All this seems weird to me... Can anyone clarify this?
Thanks!
To put it very blunt and simple.
Safe
By "safe code" you teacher probably means managed code. That is code where you don't have to "care" about pointers and memory, you have a garbagecollector that takes care of this for your. You are dealing with refrences. Examples of languages built like this is java and c#. Code is compiled to a "fictional" opcodes(intermediate language, IL for C#), and compiles and run realtime(JIT, just in time compilation). The IL generated code, will have to be converted to real native platform based opcodes, in java this is one of things the jvm does. You may easily disassemble code from languages like these. And they may run on several platforms without a recompilation.
Unsafe
By "unsafe code" the teacher means ordinary native c++ unmanaged code, where all memory and resource management is handled by you. This makes room for human error, and memory leaks, resource leaks and other memory errors, you don't usually deal with in managed languages. It also compiles to pure bytecode (native assembly opcodes), which means that you have to compile your code for each platform you intend to target. You will encounter that you will have to make a lot of code specific for each platform, depending on what you are going to code. It's nice to see that simple things such as threading, which where platform dependent, now is a part of the c++ standard.
Then you have c++/CLI, which basicly is a mix. You may use managed code from the .net framework in c++, and it may be used as a bridge, and be used to make wrappers.
Console::WriteLine() is managed .net code, safe.

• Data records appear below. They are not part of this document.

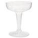 This elegant crystal-clear stemware looks just like glass. The simple, two-piece construction allows you to stack the pieces separately, conserving storage space. This stemware provides the beautiful presentation of glass in a sturdy, plastic form. They are also conveniently disposable. Cup Type: Cold; Capacity (Volume): 4 oz; Material(s): Plastic; Color(s): Clear.
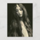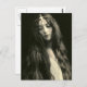 Vintage fotografi av en ung kvinna med mycket långt hår, en allvarlig blick på hennes ansikte när hon ser nedåt och ett litet metall huvudband
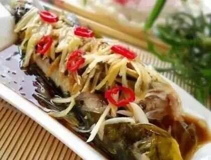2、大火蒸10分钟左右关火,出锅前,在鱼身上撒上葱花,并烧热15ml的油,直接浇在鱼身上即可。
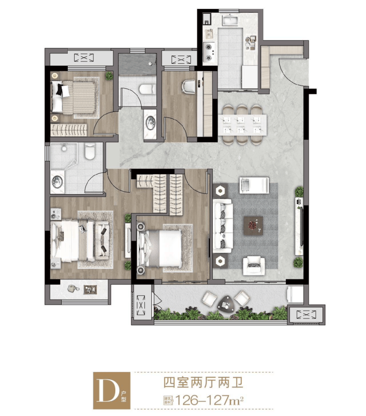 考究设计:8栋总高18层纯小高层组团,双“1”字形排布,采光通风效果达到最佳,户型设计97-143㎡,得房率约76%-77%,兼顾居住舒适度及房屋总价控制。景观大师山水比德操刀,一环、两轴、五园景观节点分布宅间,匠做城市新奢美宅。
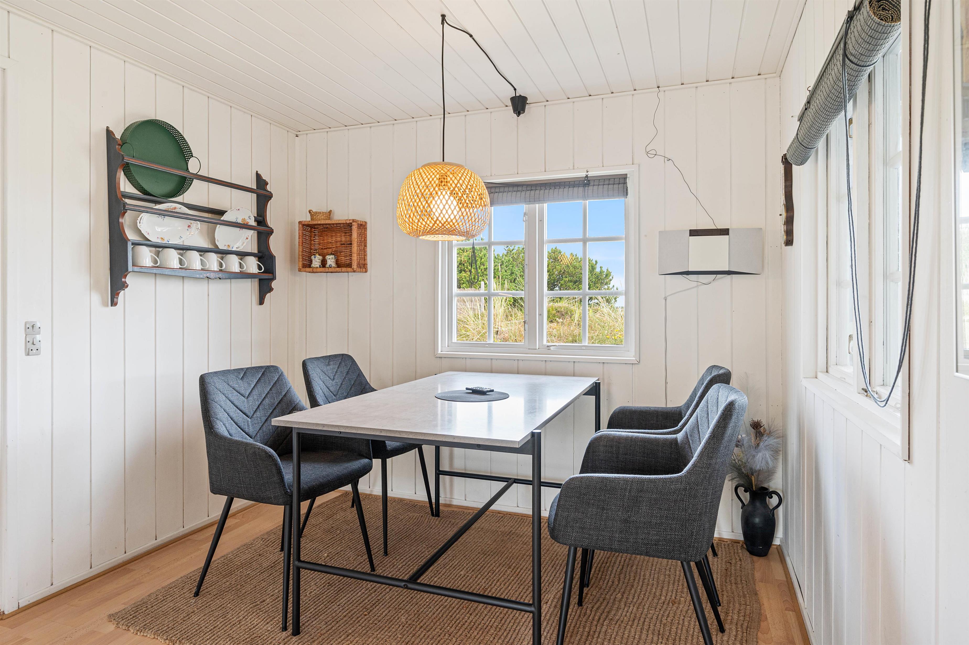 Sommerhuset er udstyret med en energibesparende varmepumpe, så I altid har et behageligt rumklima, og opvaskemaskinen i køkkenet hjælper til, at oprydningen efter maden hurtigt er overstået. Med en hurtig og stabil internetforbindelse har I også mulighed for at være online på ferien.
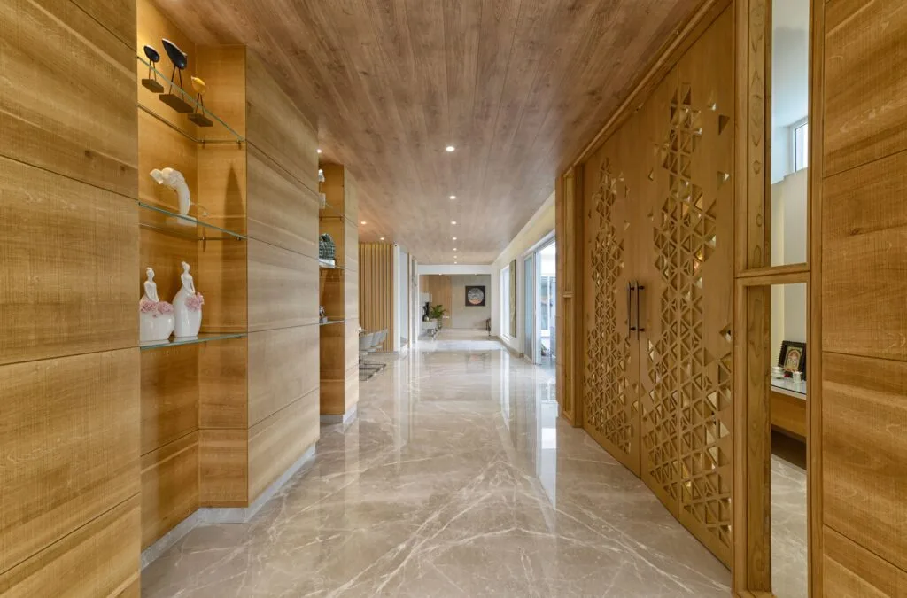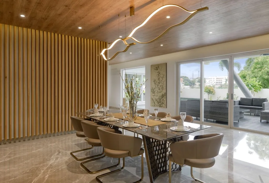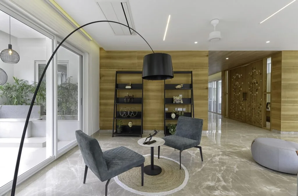 The home is planned at two levels with the entire ground floor connected by a spacious vestibule and different spaces are set in from this passage. The route from the innermost family living space through the dining area and the covered sit-out towards the puja room and the formal drawing room provides an experience that is delightful and engaging for the residents. The design process began by clearly marking out spaces –formal, informal, dining space, sit-outs spaces. Entering the massive doorway, the formal drawing room in a grey palette spreads across a large space lending a sense of luxury and sophistication. Chic style comes across through the light wooden panelling along the length of the wall works and marble flooring. Nature seems to flow abundantly through the large glazing that pours plentiful of natural light into the space. The smart extended seating arrangement allows for entertaining guests, which makes it a vibrant social space. A secluded corner with comfortable seats, an attractive display rack, and a hanging light becomes a cosy reading corner. On the whole, the space is tastefully elegant. An exclusive water body is located near the semi-covered patio and can be viewed from the living area and terrace. As are the other outdoor areas, the water body is also planned with climatic and contextual factors in consideration.
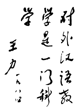 1984年王力先生关于“对外汉语教学是一门科学”的题词
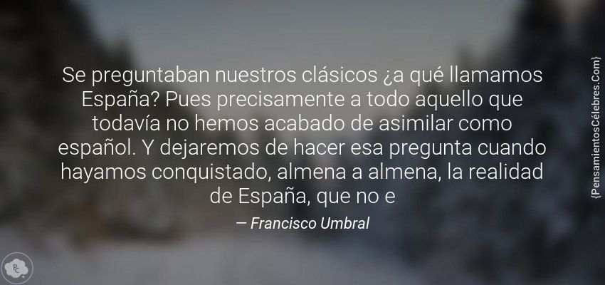 "Se preguntaban nuestros clásicos ¿a qué llamamos España? Pues precisamente a todo aquello que todavía no hemos acabado de asimilar como español. Y dejaremos de hacer esa pregunta cuando hayamos conquistado, almena a almena, la realidad de España, que no e"
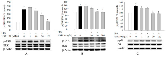 The MAPK family, which includes ERK1/2, JNK, and p38 MAPK, is thought to play pivotal roles in modulating pro-inflammatory mediators and cell migration in various cell types including microglial cells [20,21,22,23,26,27]. Therefore, we aimed to evaluate whether MAPK pathways were associated with anti-inflammatory and anti-migratory activities of HSR1101 in BV2 cells. It was revealed that treatment with LPS significantly increased the phosphorylation of ERK1/2, JNK and p38 MAPK and HSR1101 abated the LPS-induced phosphorylation of MAPKs (Figure 7).
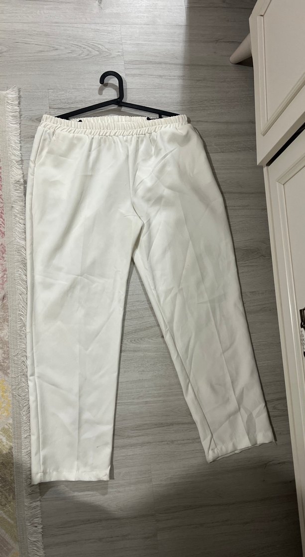Beyaz, düzenli kesim, midi boy kadın kumaş pantolon. Düz ve desensiz, sentetik kumaştan üretilmiş, günlük kullanım için rahat ve şık bir modeldir. Minimalist tarzda, sade ve kullanışlıdır.
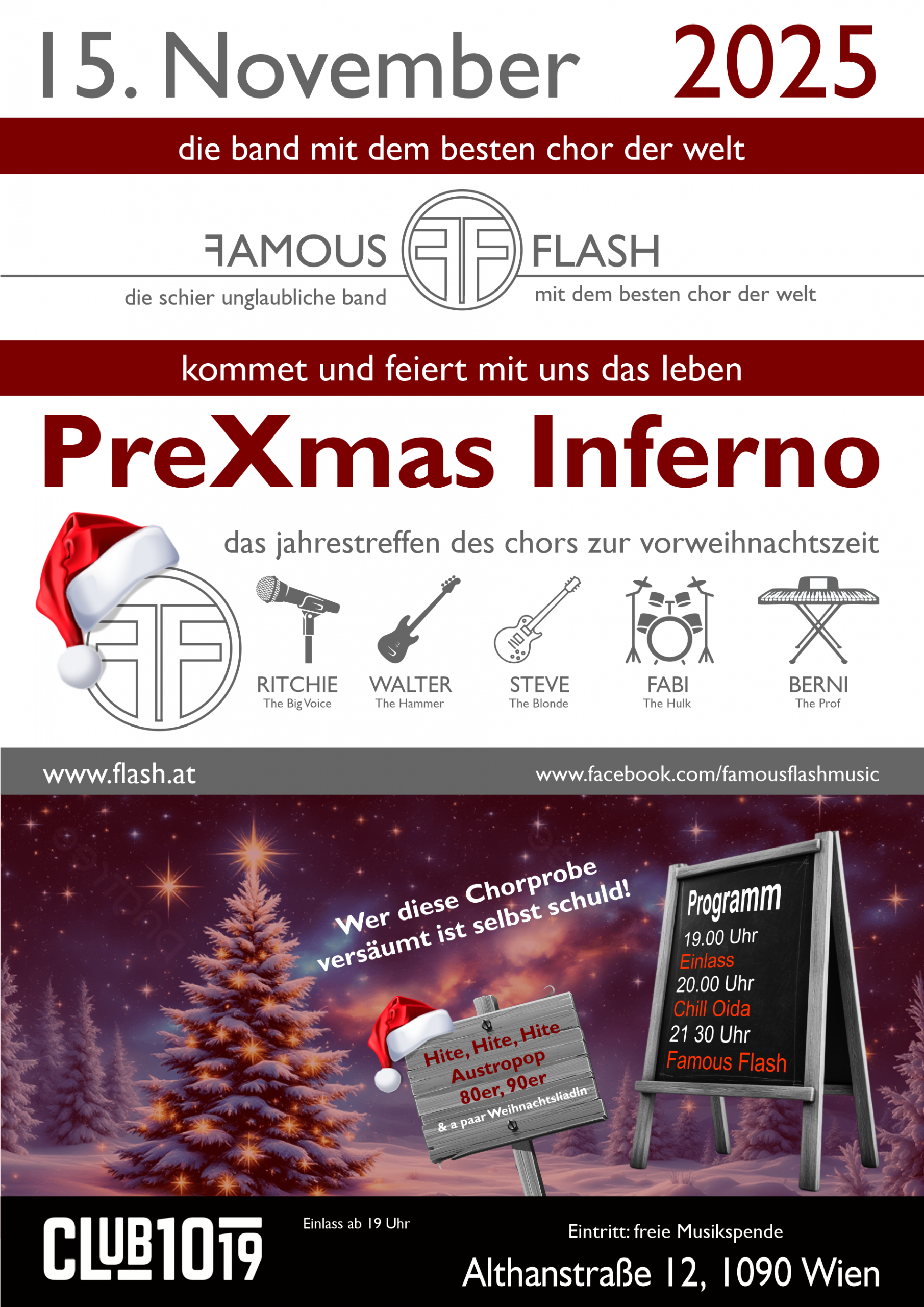 wer uns versäumt ist selbst schuld next tourdates SAVE THE DATE Samstag 15.11.2025 PreXmas Inferno erstmals 2 Bands Club 1019
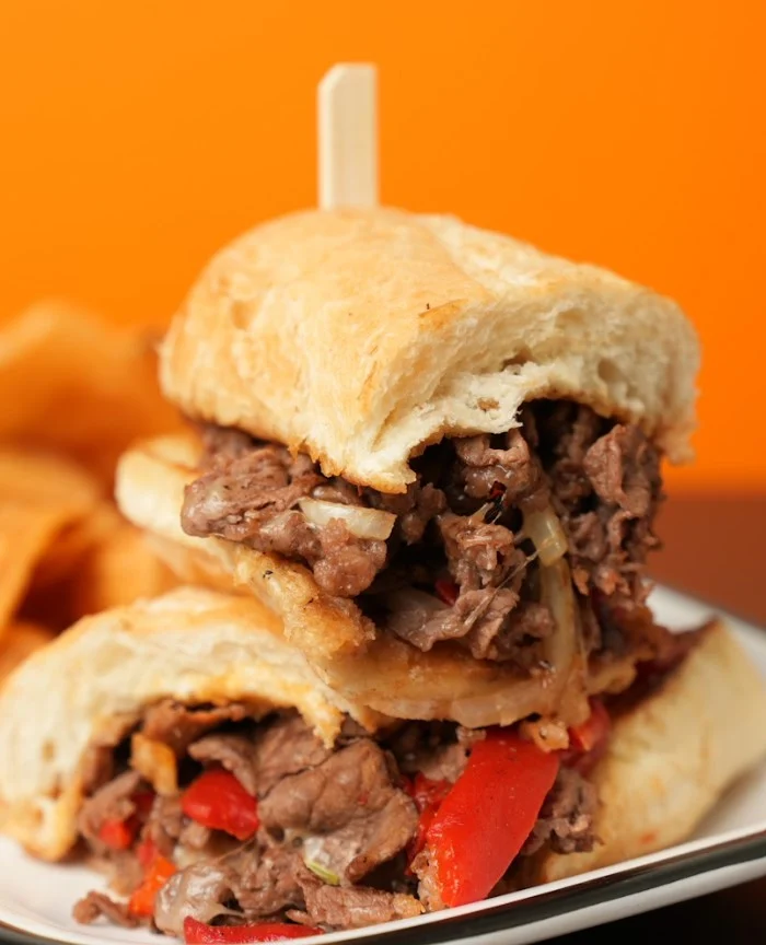 Shaved NY Strip, House made cheese sauce and sautéed peppers and onions
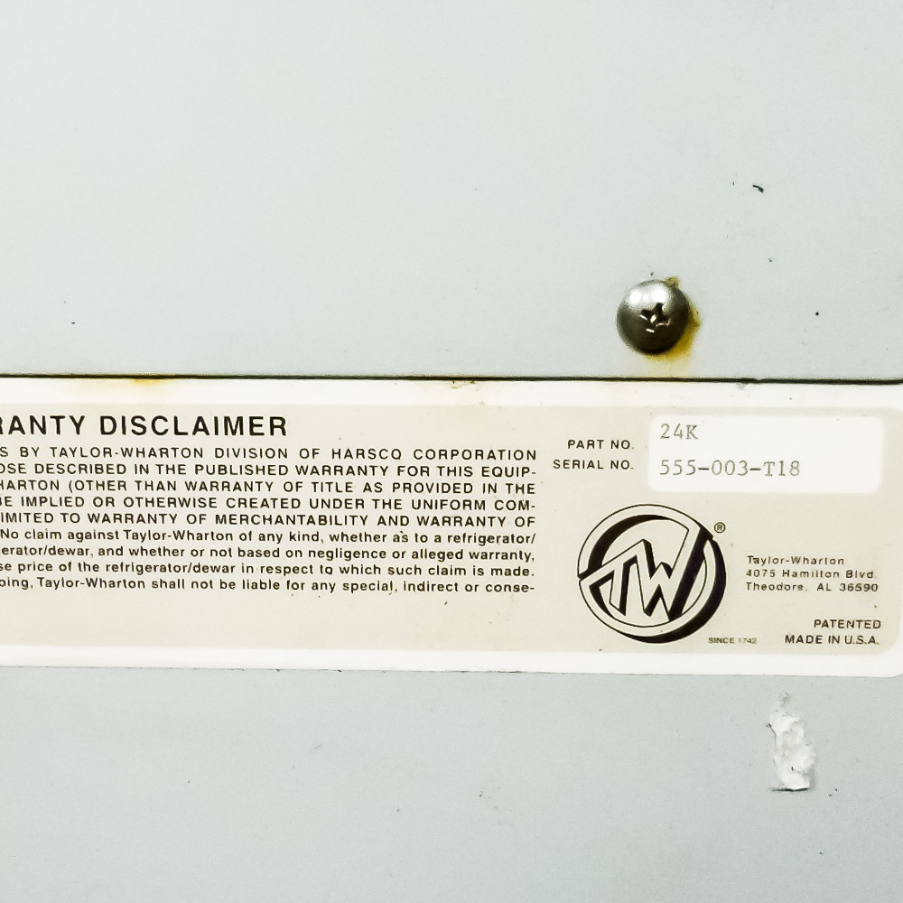 The Taylor Wharton 24K LN2 System is the perfect cryogenic storage solution when you require storage capacities of up to 24,050 2ml vials. This unit features a wide neck opening for easy access to samples, a durable powder coated cabinet, and a stainless steel vacuum vessel with superior performance. This freezer comes complete with 16 sample racks and LN2 fill hose. Prior to shipping, it will be fully tested with LN2 as part of the exit check and will be sold with a 60-day warranty.
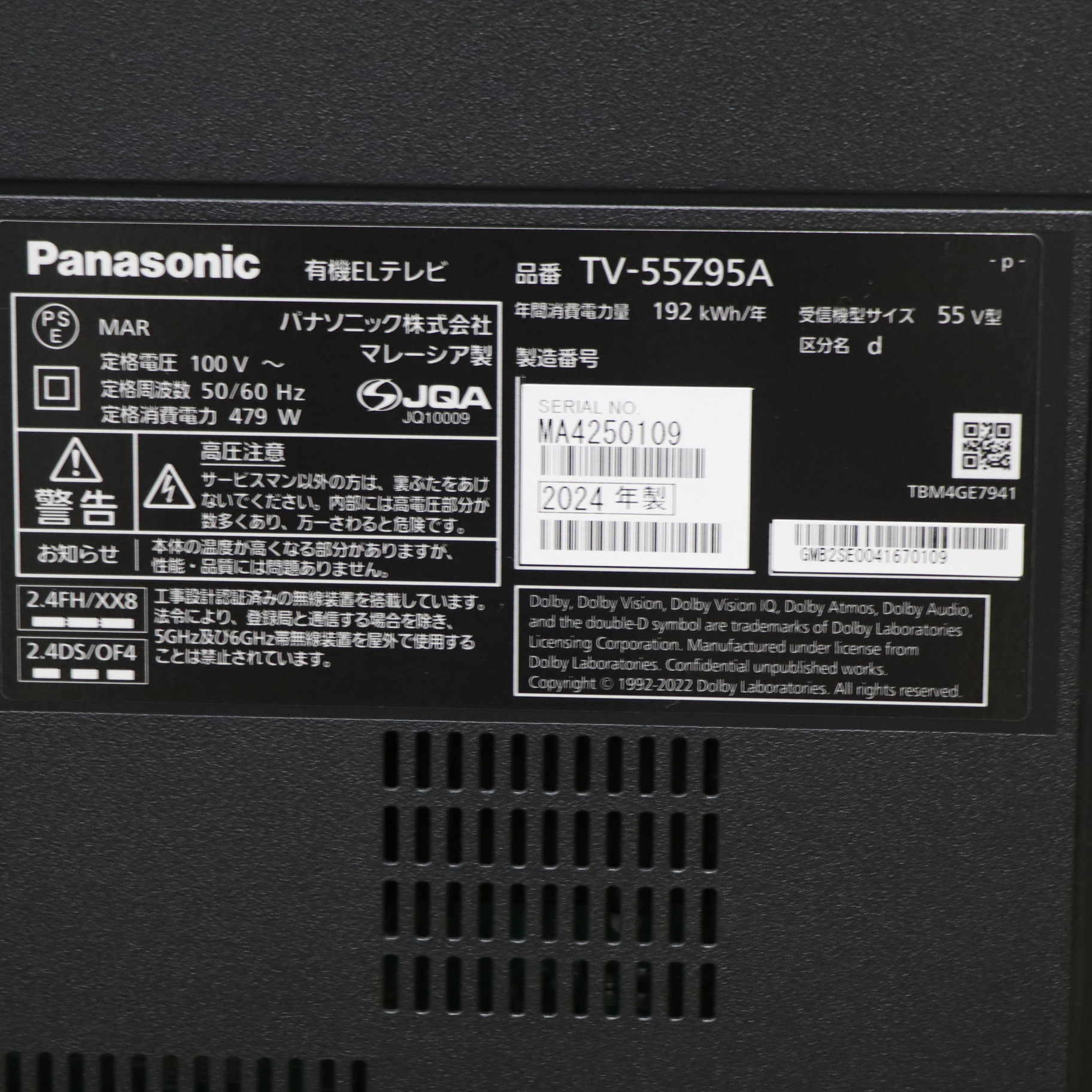 〔展示品〕 有機ELテレビ VIERA(ビエラ) TV-55Z95AJ [55V型 /Bluetooth対応 /4K対応 /BS・CS 4Kチューナー内蔵 /YouTube対応]

cout is standard iso c++ from <iostream>, unsafe
You find a related post here, with a broader answer here and here :)
Edit
As pointed out by Deduplicator below this is also of interest for you
Hope it helps.
Cheers
In the world of .NET, "safe" is synonymous with "verifiable" type safety. In Visual C++, it's enabled by /clr:safe.
/clr:safe will prevent you from using std::cout or any other function or type implemented in native code, because the metadata needed by .NET's verifier does not exist for native functions. MSIL which Stigandr mentioned can be used for just-in-time compilation, but even when compilation to native code is performed ahead of time, the MSIL is provided alongside the compiled native code and serves as a proof of its type safety which the verifier inspects.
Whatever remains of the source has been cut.